▶ _Data excerpt_:

***

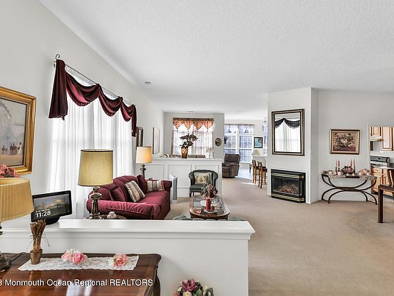 REDUCED! Four Seasons at Wall, a premier active adult community, offers this pristine 3 bedroom, 2 bath Danbury Model. Open floor plan with an extended sunroom. Neutral colors throughout. Spacious living & dining room perfect for entertaining w/ a gas fireplace. The cozy family room offers a built-in for the included T.V. An eat-in kitchen with an attached sunroom that leads to the private paver patio backing up to the woods. Perfect for your morning coffee. The master suite offers a large walk-in closet as well as a sitting area to relax. State-of-the-art clubhouse, indoor & outdoor pool, gated entry, exercise room, theater, billiards, tennis courts, bocce & so much more to accommodate your active lifestyle. Enjoy the good life at Four Seasons at Wall in this impeccable home.
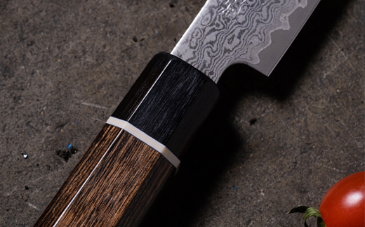 自社工場の職人の手で丁寧に仕上げる、世界に一つだけの波紋のブラックダマスカス包丁
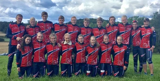 Eirin og Stian er ferdige med sine tre første konkurranser i senior-landslagsdrakta. Og har i Halden høstet gode erfaringer fra hvordan det er å konkurrere på dette nivået. (På bildet har vi hele landslagstroppen).

***

▶ _How to complete this task_:
Retype the whole listing above exactly as written. Skip the pictures.

▶ _Expected answer_:
 REDUCED! Four Seasons at Wall, a premier active adult community, offers this pristine 3 bedroom, 2 bath Danbury Model. Open floor plan with an extended sunroom. Neutral colors throughout. Spacious living & dining room perfect for entertaining w/ a gas fireplace. The cozy family room offers a built-in for the included T.V. An eat-in kitchen with an attached sunroom that leads to the private paver patio backing up to the woods. Perfect for your morning coffee. The master suite offers a large walk-in closet as well as a sitting area to relax. State-of-the-art clubhouse, indoor & outdoor pool, gated entry, exercise room, theater, billiards, tennis courts, bocce & so much more to accommodate your active lifestyle. Enjoy the good life at Four Seasons at Wall in this impeccable home.
 自社工場の職人の手で丁寧に仕上げる、世界に一つだけの波紋のブラックダマスカス包丁
 Eirin og Stian er ferdige med sine tre første konkurranser i senior-landslagsdrakta. Og har i Halden høstet gode erfaringer fra hvordan det er å konkurrere på dette nivået. (På bildet har vi hele landslagstroppen).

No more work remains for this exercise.